Classify Project type with fine tuning a transformer model (DistilBert)
Description: How to know the type of IT projects/contracts (Services) that have been carrying out in the Portuguese Public Administration?. In addition to project values, what type of projects have been developed and by whom? What is the competition and what type of services do they focus on? Strategic Digital Transformation Consulting; in Project Management/PMO; in Requirements Gathering/Analysis or Architecture; in Project Implementation; in Support/Maintenance; in Change Management; or in SaaS?
It involves the research and design of Artificial Intelligence algorithms, in this project we will be fine tuning a transformer model (DistilBert) for the Multiclass text classification problem. Given a Project description the model will classify into one of the project categories out of the given list.
Data with the projects (to train the model and to apply the model) are in data dir.
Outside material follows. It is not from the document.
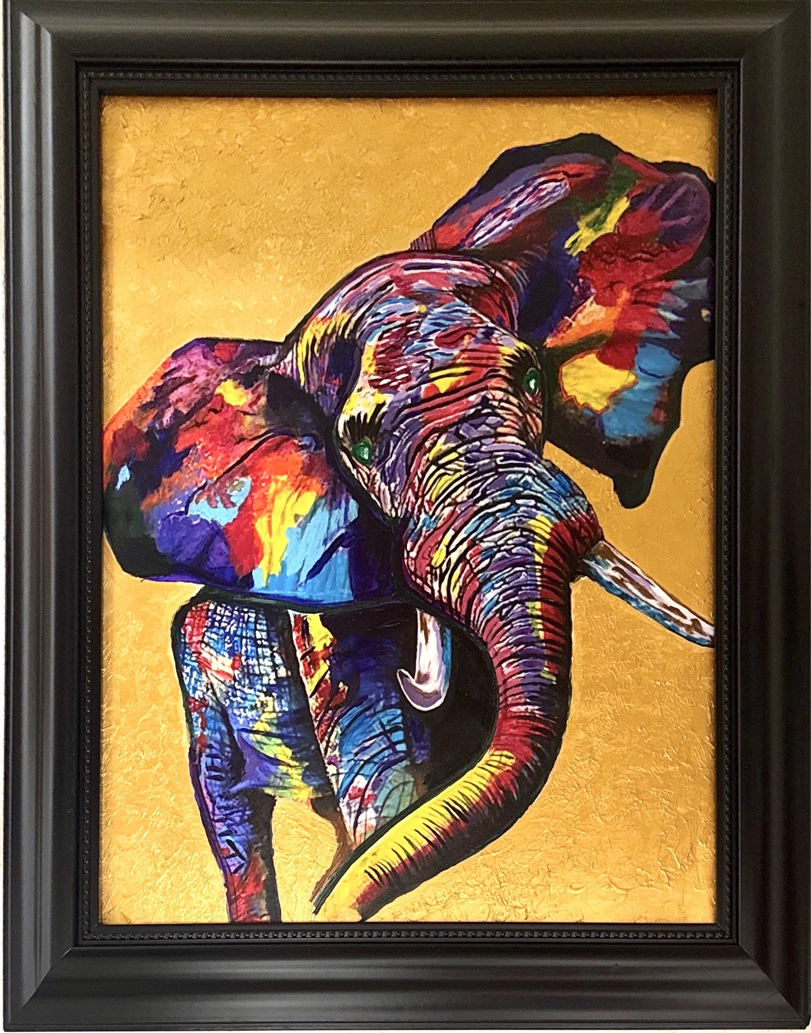 This contemporary artwork features a stylistically rendered African elephant, characterized by a vibrant, polychromatic palette. The elephant's form is composed of energetic strokes of red, blue, purple, yellow, and green, creating a prismatic effect that deviates from realistic color schemas. These colors are application with a visible impasto or heavy-body technique, particularly on the trunk and forehead, adding a tactile dimension typical of modern expressionist styles. The subject is set against a textured, metallic gold background that appears to be gold leaf or a high-quality metallic pigment, providing a shimmering contrast to the matte and satin finishes of the paint. The elephant's eyes are a striking vibrant green, and the tusks are rendered with subtle white and blue highlights. The canvas is housed in a classic, heavy-profile black frame with a dark mahogany-tone finish, featuring a beveled edge and an ornate inner bead detail known as 'pearl' or 'beading' moulding. The condition appears to be excellent, with no visible craquelure, paint loss, or warping to the substrate. The frame shows no noticeable chips or separations at the mitered corners. While there is no visible signature on the lower face, the craftsmanship indicates a skilled professional hand, likely from the late 20th to early 21st century.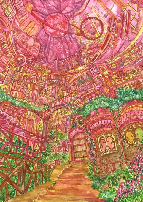 1 16 #絵 #水彩画 #art #artist #painting #paint #イラスト #イラストレーターさんと繋がりたい #イラストレーター #芸術 #芸術家 #カラー #幻想的 #絵画 #アート #水彩 #綺麗 #美術 #美 #beautiful #赤 #街 #ピンク 21/09/14 20:20

We are using Project Descriptions from Portuguese Public Administration site of Contract aggregator dataset available at base.gov Repository.
Please bear in mind that this data has already been cleaned and processed: ContratosAP_v5.2_TrainPred.xlsx
.
Dataframe DadosTreinoVal
has 751
rows of data to train and test. Where each row has the following data-point:
- Objeto do Contrato: Contract Object
- Contrato (Tipo): Type of Contract
Type of Contract to be able to classify IT project descriptions from Public Portuguese Administration into the following categories:
- Digital Transformation (0)
- Project Management/PMO (1)
- Requirements Definition/Analysis/Architecture (2)
- Implementation (3)
- Support/Maintenance (4)
- Change Management (5)
- Licenses (6)
- SaaS (7)
Due to the power of GPU needed i advise you to use colab with ClassifyContratType_TransformersFineTunEx_v2_colab.ipynb
(in classification dir)
copy data (in data dir) ContratosAP_v5.2_TrainPred.xlsx
to sample_data.
Run
Please see the description in .ipynb about this project.
Having in consideration that we have few data (751 projects) to fine tune the 8 project categories, weΒ΄ve understood that distilbert focus on the categories with more data, so we only managed to obtain about 50% acurracy (for instance with Support Linear Classifier - SVC - Applied AI, with the same data to train we manage to obtain 84% acurracy).